FQ Quantum Leap: You have been given a one-time-only opportunity to travel back in time and interfere with history! Would you do it? Where would you go and what would you try to change?
So many points in time a good person would touch to ease suffering and end wars before they began. Who wouldn't want to go back and stop Adolf Hitler if they could? The Spanish Inquisition? Gengis Khan? But I'm not that good a person, so the point of history I interfere with is December 8th, 1980 and stop the murder of John Lennon.
Yes because it was such a waste, and yes because no son deserves to lose his father and yes because senseless violence seems even more attrocious when committed against such a creative, influential being.

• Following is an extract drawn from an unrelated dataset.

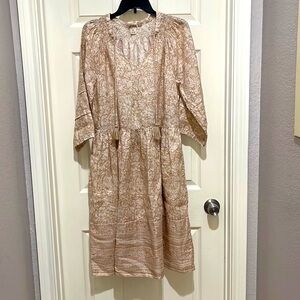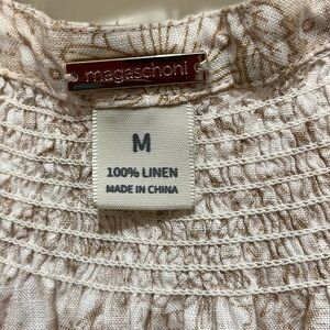 Magaschoni Neutral Ink Floral Print Beige Drop Waist Dress Size Medium
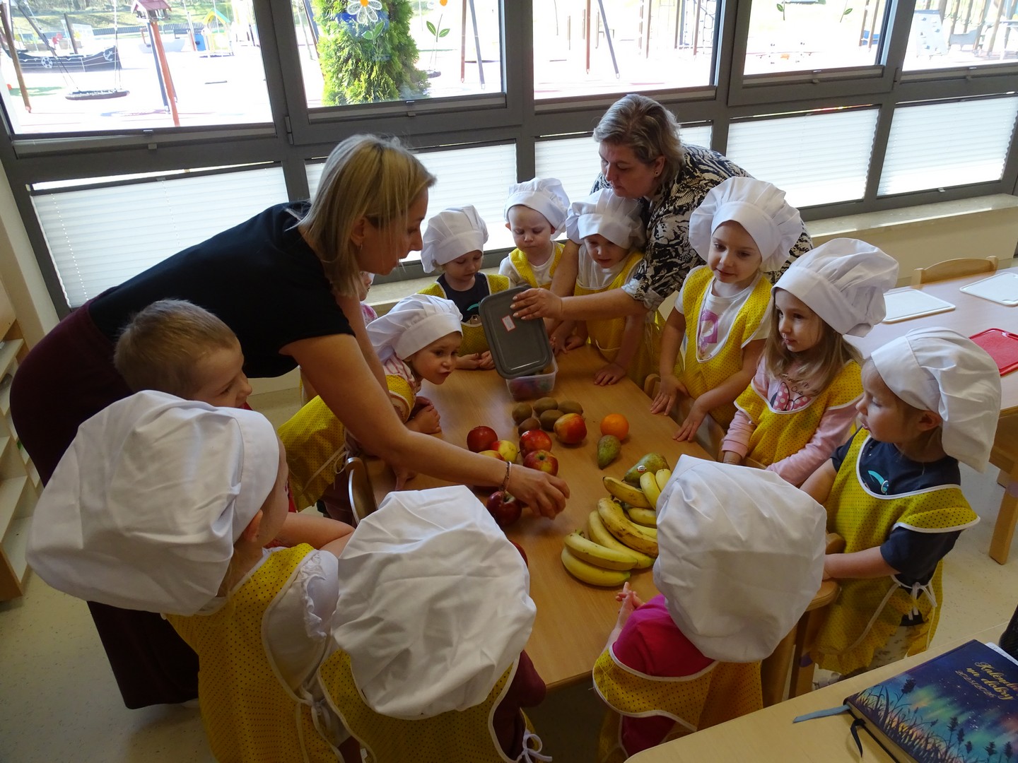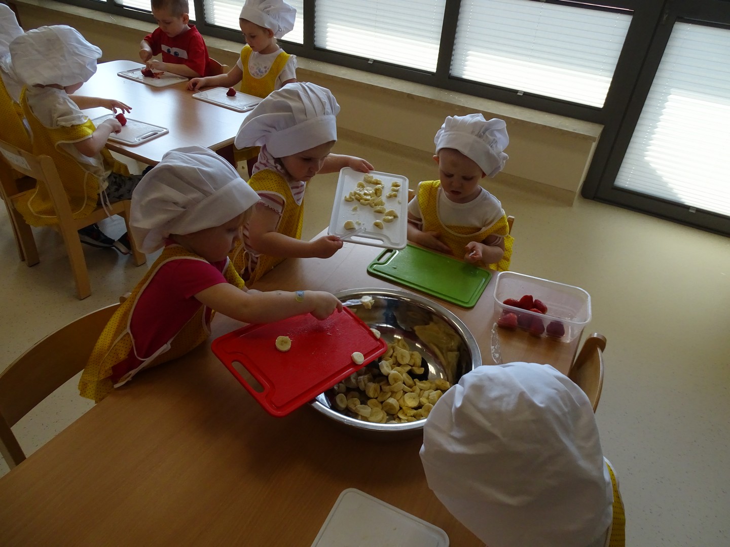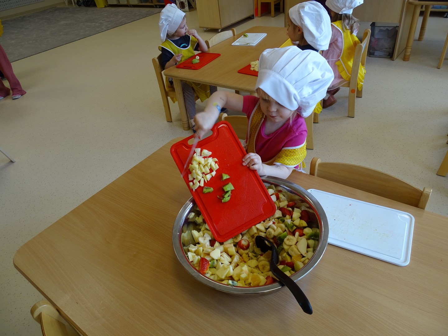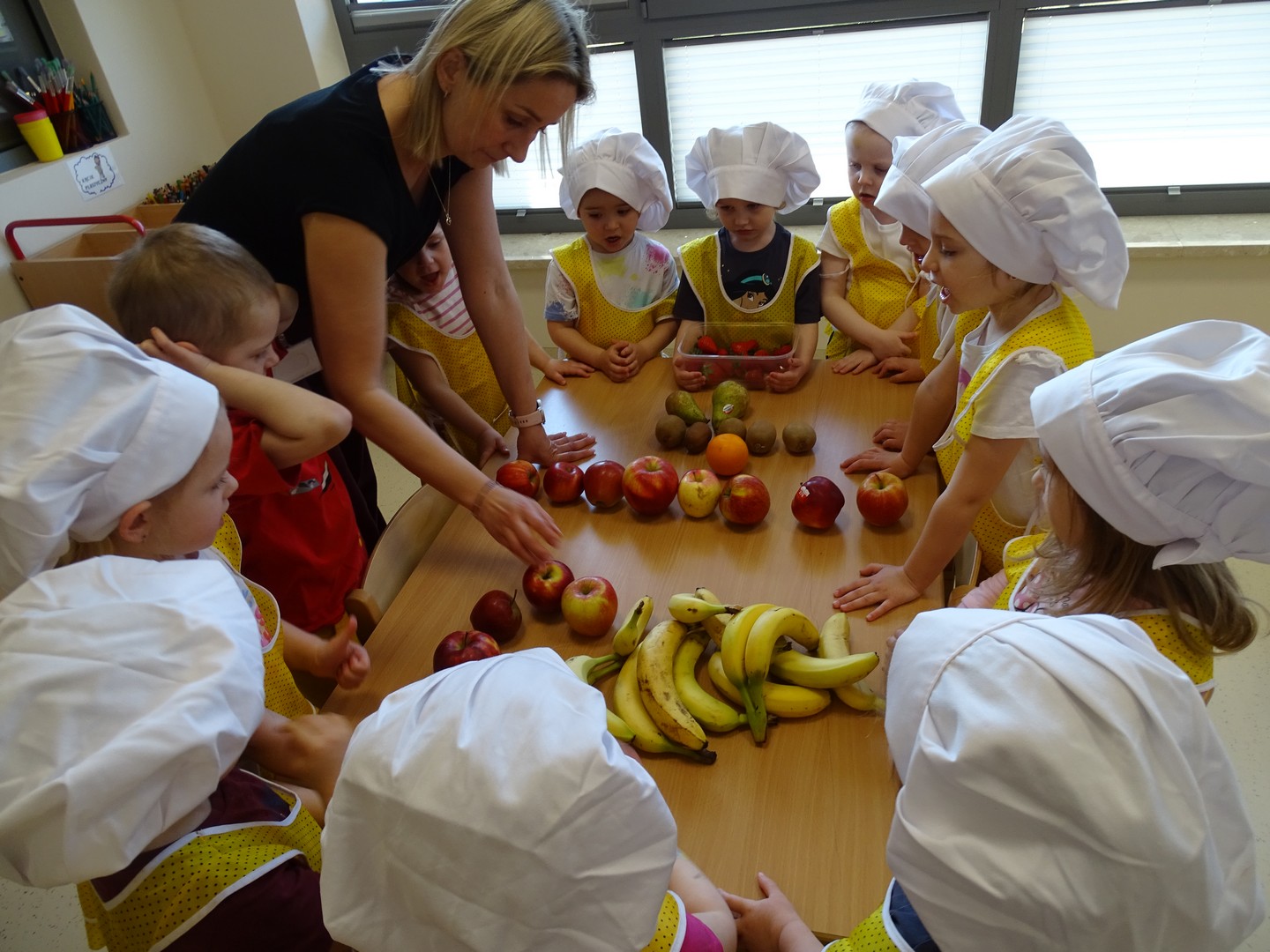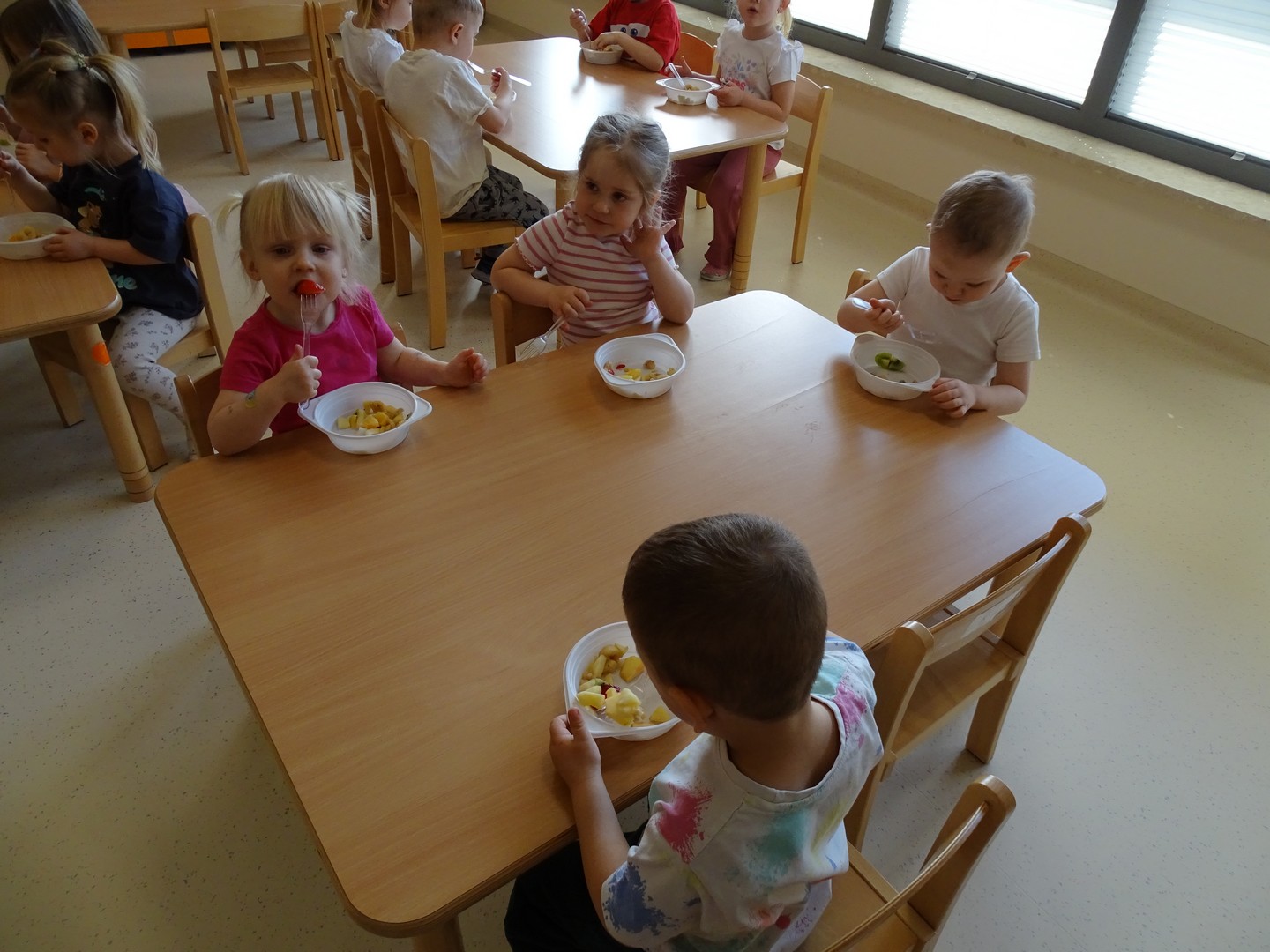 W ramach tygodnia o zdrowiu dzieci z grupy Nutki zrobiły sałatkę owocową.

But mostly I would love John Lennon to be alive today to verbally slap Paul McCartney in the chops for the things he's been saying about their creative collaboration. Bragging that it was McCartney's creative domination over Lennon that was the reason for their great successes as a songwriting team. That it was Paul over John who made Beatles what the gigantic musical influence they through the 60s and 70s and beyond. What would John have to say if Paul were brave enough to demand "Lennon and McCartney" credits be reversed and Pauls name appear first? He probably wouldn't give a shit, quite frankly, and Paul wouldn't have the moxy to suggest it if his former partner wasn't long dead.